I finally see her on the side of the road in the middle of the city, at midnight the moonlight shining over her hair and reflecting from the street lights. I realize something. I feel something for her. I'm not sure what it is but I can't imagine what I'd do if someone hurt her. I'd kill them.

I pull over as she's visually upset.
"I can't drive. Not now I knew better but I tried it to face my fears but, I couldn't."
"What do you mean?" I say confused as I get out of the jeep and am now face to face with her sweat beading down my forehead due to the hot weather and the adrenaline coursing through my veins.
"I have... PTSD. I can't drive at night sometimes... both of my parents died in a car crash at night when I was young." She says as she looks down frowning as tears begin to silently fall from her face.

"Catalina, I'm so sorry that happened to you. I didn't realize..." she cuts me off before I can finish.
"It's okay, really. I know you didn't do anything and we all grow our grief doesn't get smaller, our world gets bigger, and we do small things that make the big world seem better." She smiles as she sniffles.
"How do you do it?" I ask her because I personally would love to hear advice on how to be so positive.

"Trauma and pain are only emotions, what you chose to say and do are actions when you confuse the two you lose control of your mind.
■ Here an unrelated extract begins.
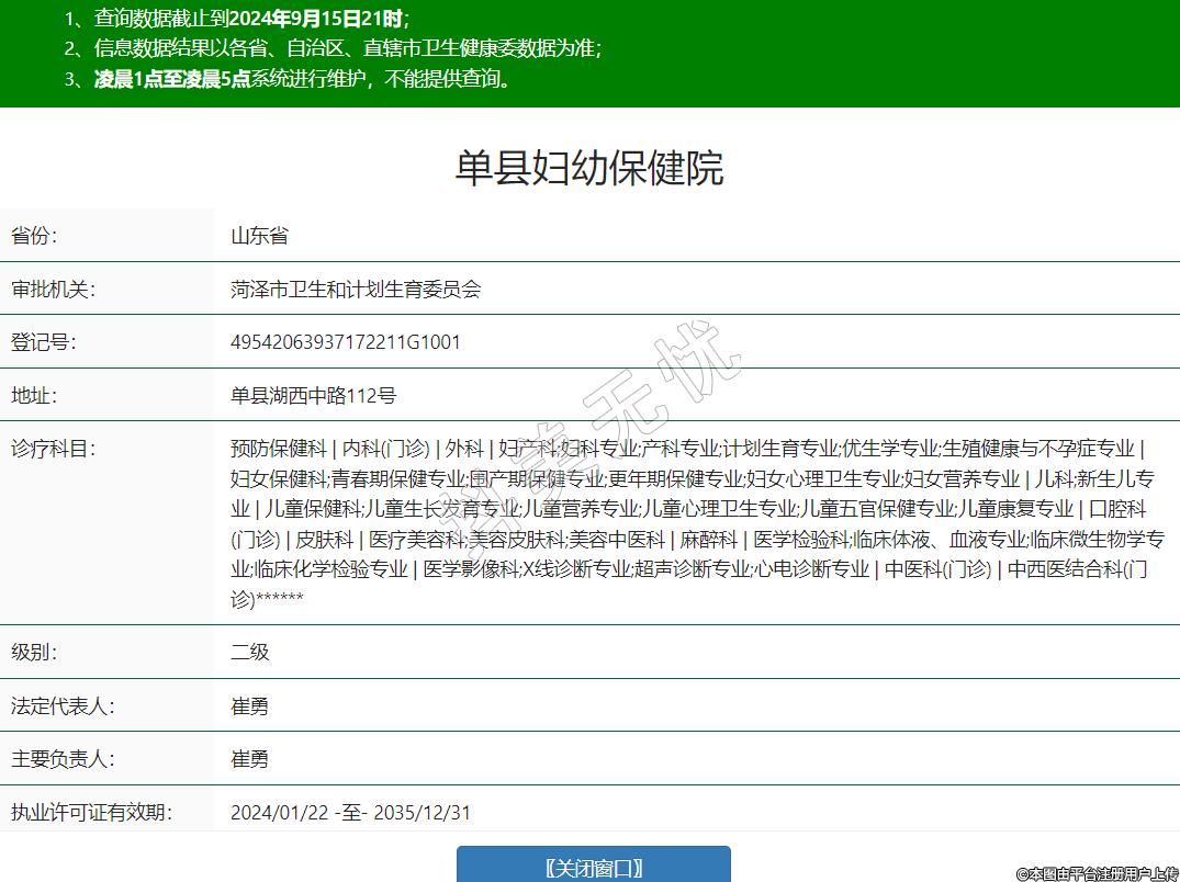 预防保健科 | 内科(门诊) | 外科 | 妇产科;妇科专业;产科专业;计划生育专业;优生学专业;生殖健康与不孕症专业 | 妇女保健科;青春期保健专业;围产期保健专业;更年期保健专业;妇女心理卫生专业;妇女营养专业 | 儿科;新生儿专业 | 儿童保健科;儿童生长发育专业;儿童营养专业;儿童心理卫生专业;儿童五官保健专业;儿童康复专业 | 口腔科(门诊) | 皮肤科 | 医疗美容科;美容皮肤科;美容中医科 | 麻醉科 | 医学检验科;临床体液、血液专业;临床微生物学专业;临床化学检验专业 | 医学影像科;X线诊断专业;超声诊断专业;心电诊断专业 | 中医科(门诊) | 中西医结合科(门诊)******

And once that happens it's hard to regain control. I just try to love and forgive." She says as she moves a step closer to me.
"How do you do it?" She stuns me with her question because I don't. I drink, I push it away and I don't talk about how I feel. I bottle it up and throw it away because I'm not allowed to be weak.
"I've lose control a long time ago and not sure where to start to look to regain control or if I even want to..." I say as I begin to feel uneasy.
"When? When did you decide you didn't deserve a chance, deserve peace and happiness?"
"I lost control when my mom committed suicide when I was 14..." I say as tears begin to fall from my eyes. I'm not sure why I'm telling her this, I've never even talked to Aria about my mom.